<<<<

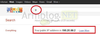 2011 » Октябрь » 25 » Google-ի օգտակար ֆունկցիան: Իմացեք Ձեր IP հասցեն պարզ որոնման միջոցով
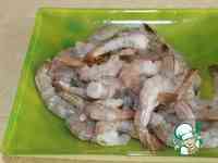 Креветки размораживаем, чистим от панциря, и тщательно отжимаем. Лишняя жидкость нам ни к чему.
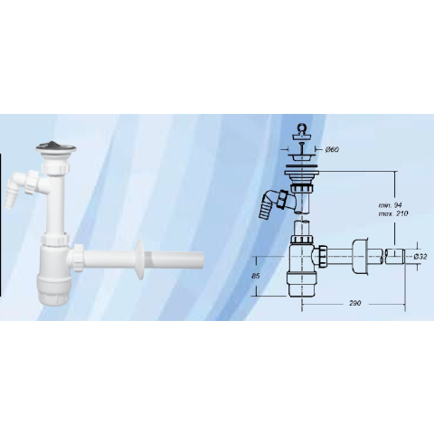 1 kép Mosdószifon mosógép csatlakozóval, leeresztővel, 32mm átm. elfolyással (Mosdószifon mosógép)
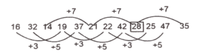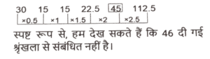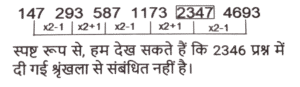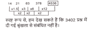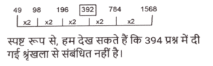 श्रृंखला (भाग-XVI)Total Questions: 5031. उस संख्या का चयन करें, जो निम्नलिखित श्रृंखला से संबंधित नहीं है। [ SSC MTS 05/07/2022 (Evening)]147, 293, 587, 1173, 2346, 4693(a) 293(b) 1173(c) 2346(d) 4693Correct Answer: (c) 2346Solution:32. उस संख्या की पहचान करें, जो निम्नलिखित श्रृंखला से संबंधित नहीं है। [SSC MTS 06/07/2022 (Evening)]46, 93, 188, 379, 764, 1529 (a) 764(b) 93(c) 188(d) 379Correct Answer: (a) 764Solution:33. उस संख्या की पहचान करें, जो निम्नलिखित श्रृंखला से संबंधित नहीं है। [SSC MTS 07/07/2022 (Morning)]49, 98, 196, 394, 784, 1568(a) 196(b) 784(c) 394(d) 1568Correct Answer: (c) 394Solution:34. उस संख्या की पहचान करें, जो निम्नलिखित श्रृंखला से संबंधित नहीं है। [SSC MTS 07/07/2022 (Morning)]14, 21, 63, 378, 3402(a) 3402(b) 14(c) 21(d) 378Correct Answer: (a) 3402Solution:35. 16, 32, 14, 19, 37, 21, 22, 42, ?, 25, 47, 35 [SSC MTS 12/07/2022 (Afternoon)](a) 34(b) 26(c) 32(d) 28Correct Answer: (d) 28Solution:36. उस संख्या की पहचान करें, जो निम्नलिखित श्रृंखला से संबंधित नहीं है। [SSC MTS 13/07/2022 (Morning)]30, 15, 15, 22.5, 46, 112.5 (a) 46(b) 112.5(c) 22.5(d) 30Correct Answer: (a) 46Solution:37. 632, 637, 644, 653, 664, ? [SSC MTS 13/07/2022 (Morning)](a) 677(b) 687(c) 679(d) 681Correct Answer: (a) 677Solution:38. GOAL, IMCJ, KKEH, MIGF, ? [SSC MTS 13/07/2022 (Morning)](a) OHID(b) OGJD(c) OGIC(d) OGIDCorrect Answer: (d) OGIDSolution:39. 28, 27, 31, 22, 38, 13, 49, ? [SSC MTS 14/07/2022 (Morning)](a) 42(b) 2(c) 0(d) 22Correct Answer: (c) 0Solution:40. ΑΕΙ, ΕΙΟ, ΙΟU, ? [SSC MTS 14/07/2022 (Morning)](a) UAE(b) ΑΕΙ(c) OUA(d) AllCorrect Answer: (c) OUASolution:Submit Quiz« Previous12345Next »
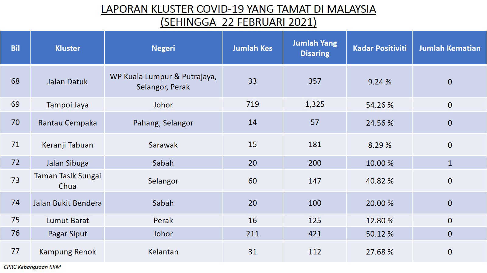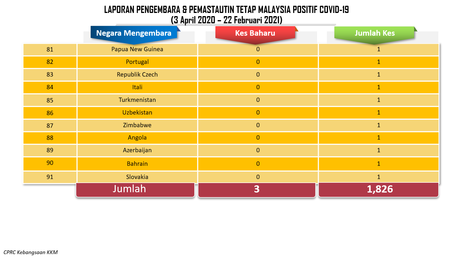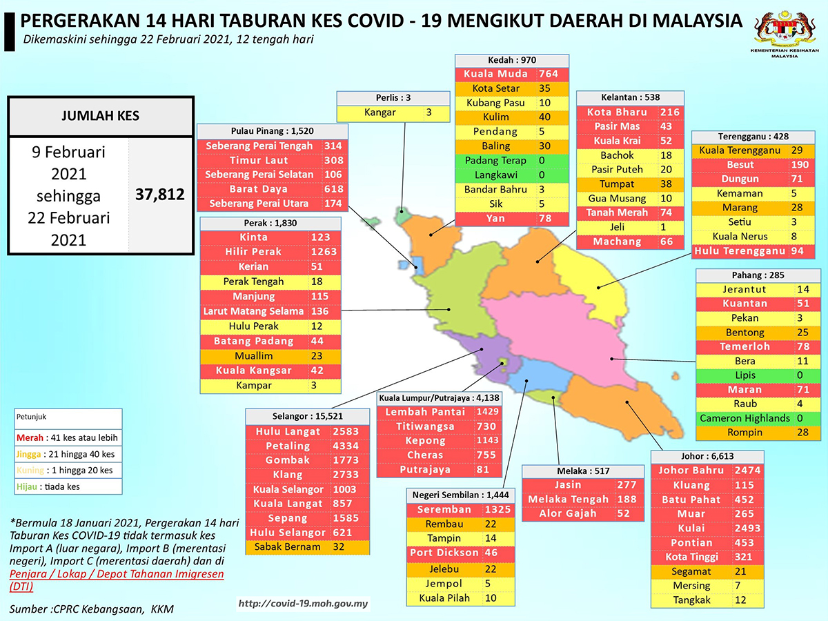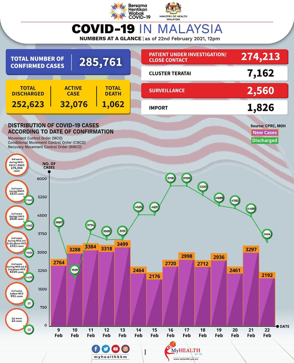 Situasi Terkini COVID-19 di Malaysia 22 Februari 2021
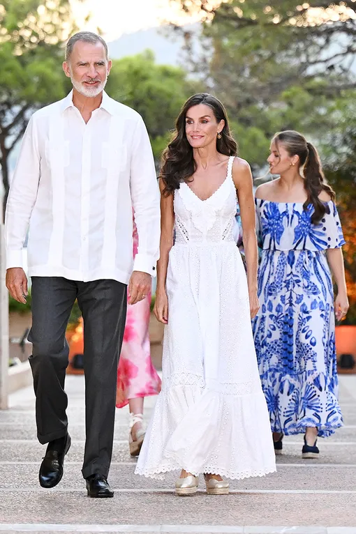 Королева Испании — большая фанатка платьев с перформацией на ткани, и она абсолютно права: в жару лишняя вентиляция не помешает. Романтичные фасоны, рюши и оборки добавят твоему образу курортных вайбов.
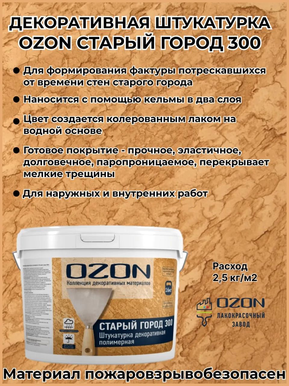 Готовый к применению экологически чистый и паропроницаемый отделочный материал для выполнения декоративной отделки поверхностей с объемной фактурой, имитирующей потрескавшиеся от времени стены старого города. Штукатурка образует прочное и долговечное покрытие, способное перекрывать мелкие трещины, и эффективно применяется для изысканной отделки стен с различной эксплуатационной нагрузкой. |

>>>>

▸ TASK: Copy exactly, and only, the lines from the first line of the material through the line that contains "श्रृंखला (भाग-XVI)Total Questions: 5031.", both ends kept; no pictures.

▸ ANSWER TO THIS EXERCISE:
 2011 » Октябрь » 25 » Google-ի օգտակար ֆունկցիան: Իմացեք Ձեր IP հասցեն պարզ որոնման միջոցով
 Креветки размораживаем, чистим от панциря, и тщательно отжимаем. Лишняя жидкость нам ни к чему.
 1 kép Mosdószifon mosógép csatlakozóval, leeresztővel, 32mm átm. elfolyással (Mosdószifon mosógép)
 श्रृंखला (भाग-XVI)Total Questions: 5031. उस संख्या का चयन करें, जो निम्नलिखित श्रृंखला से संबंधित नहीं है। [ SSC MTS 05/07/2022 (Evening)]147, 293, 587, 1173, 2346, 4693(a) 293(b) 1173(c) 2346(d) 4693Correct Answer: (c) 2346Solution:32. उस संख्या की पहचान करें, जो निम्नलिखित श्रृंखला से संबंधित नहीं है। [SSC MTS 06/07/2022 (Evening)]46, 93, 188, 379, 764, 1529 (a) 764(b) 93(c) 188(d) 379Correct Answer: (a) 764Solution:33. उस संख्या की पहचान करें, जो निम्नलिखित श्रृंखला से संबंधित नहीं है। [SSC MTS 07/07/2022 (Morning)]49, 98, 196, 394, 784, 1568(a) 196(b) 784(c) 394(d) 1568Correct Answer: (c) 394Solution:34. उस संख्या की पहचान करें, जो निम्नलिखित श्रृंखला से संबंधित नहीं है। [SSC MTS 07/07/2022 (Morning)]14, 21, 63, 378, 3402(a) 3402(b) 14(c) 21(d) 378Correct Answer: (a) 3402Solution:35. 16, 32, 14, 19, 37, 21, 22, 42, ?, 25, 47, 35 [SSC MTS 12/07/2022 (Afternoon)](a) 34(b) 26(c) 32(d) 28Correct Answer: (d) 28Solution:36. उस संख्या की पहचान करें, जो निम्नलिखित श्रृंखला से संबंधित नहीं है। [SSC MTS 13/07/2022 (Morning)]30, 15, 15, 22.5, 46, 112.5 (a) 46(b) 112.5(c) 22.5(d) 30Correct Answer: (a) 46Solution:37. 632, 637, 644, 653, 664, ? [SSC MTS 13/07/2022 (Morning)](a) 677(b) 687(c) 679(d) 681Correct Answer: (a) 677Solution:38. GOAL, IMCJ, KKEH, MIGF, ? [SSC MTS 13/07/2022 (Morning)](a) OHID(b) OGJD(c) OGIC(d) OGIDCorrect Answer: (d) OGIDSolution:39. 28, 27, 31, 22, 38, 13, 49, ? [SSC MTS 14/07/2022 (Morning)](a) 42(b) 2(c) 0(d) 22Correct Answer: (c) 0Solution:40. ΑΕΙ, ΕΙΟ, ΙΟU, ? [SSC MTS 14/07/2022 (Morning)](a) UAE(b) ΑΕΙ(c) OUA(d) AllCorrect Answer: (c) OUASolution:Submit Quiz« Previous12345Next »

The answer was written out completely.